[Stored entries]
· · · · · · ·

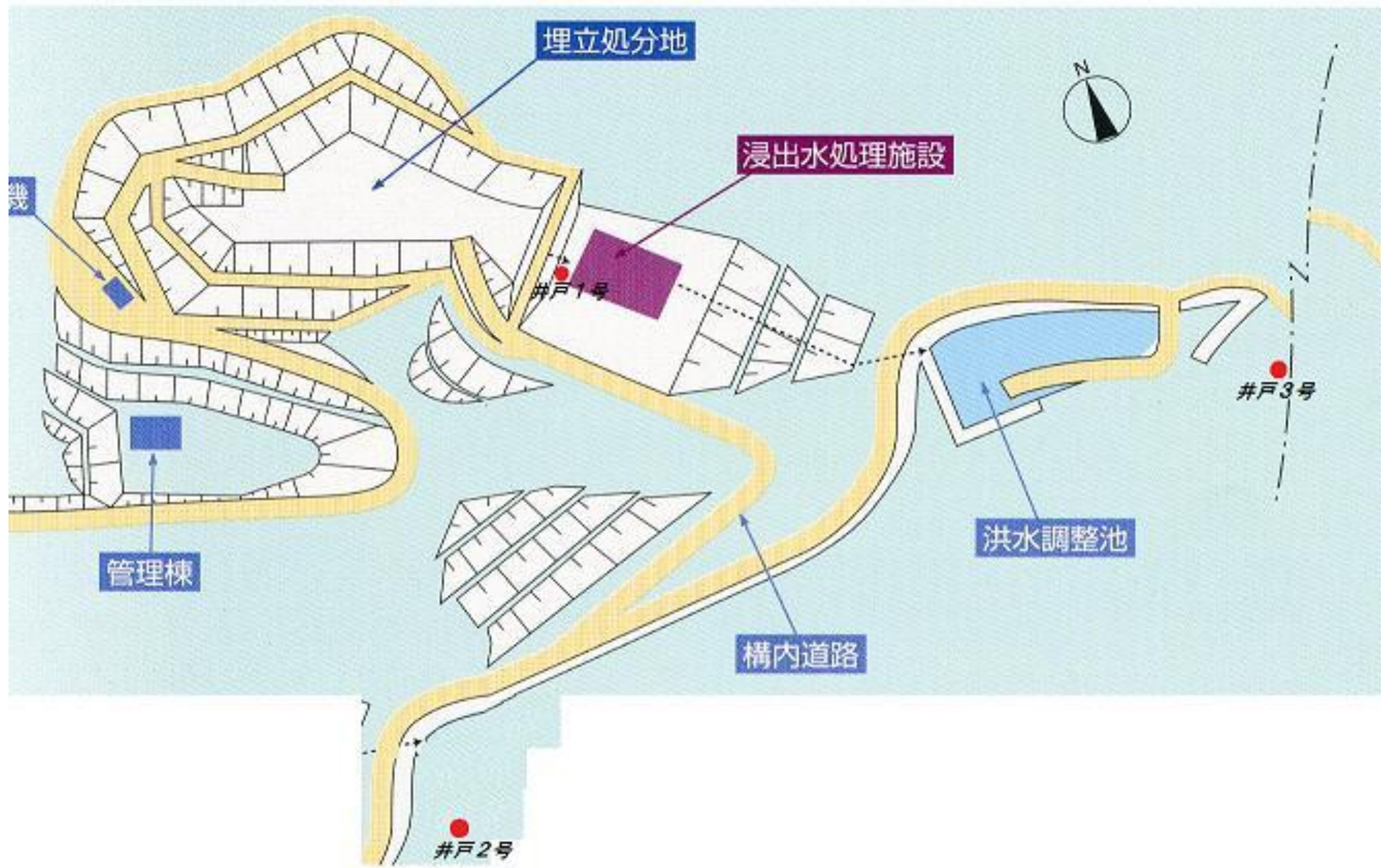
モニタリング採水位置図
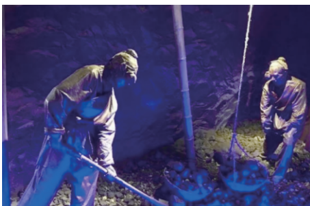
图4 人工采煤工艺展示

2) 采煤工艺进化区。从矿业文化展览区走出后,行人可步入采煤工艺进化区,对煤炭工业进行初步了解,沿途观赏从古至今煤炭开掘工艺,从人力化、机械化、自动化向智能化转变,感受传统煤炭工业与现代智能化工业的碰撞,如图4所示。
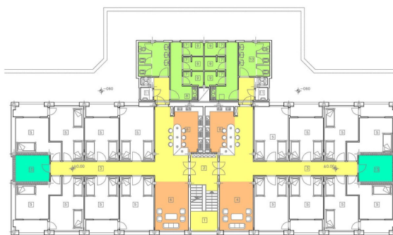
تصویر ۳- پلان معماری خوابگاه دانشجویی دختران پس از انجام تعمیرات و تغییرات کالبدی، (بلوک ۱ و ۲) دانشگاه شهید بهشتی.
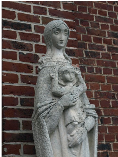
Vue partielle : Vierge à l'Enfant IVR31_20106204018NUCA
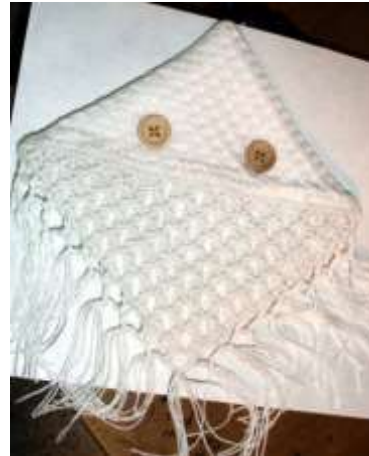
Producto mejorado: se percibe el avance en combinación de color, aplicación de materiales como algodón y detalles en madera.

· · · · · · ·

| Description of the task |
Each line from the start of the entries above through the line with "Vue partielle : Vierge" should be duplicated exactly, leaving out the pictures.

| Reply |
モニタリング採水位置図
图4 人工采煤工艺展示

2) 采煤工艺进化区。从矿业文化展览区走出后,行人可步入采煤工艺进化区,对煤炭工业进行初步了解,沿途观赏从古至今煤炭开掘工艺,从人力化、机械化、自动化向智能化转变,感受传统煤炭工业与现代智能化工业的碰撞,如图4所示。
تصویر ۳- پلان معماری خوابگاه دانشجویی دختران پس از انجام تعمیرات و تغییرات کالبدی، (بلوک ۱ و ۲) دانشگاه شهید بهشتی.
Vue partielle : Vierge à l'Enfant IVR31_20106204018NUCA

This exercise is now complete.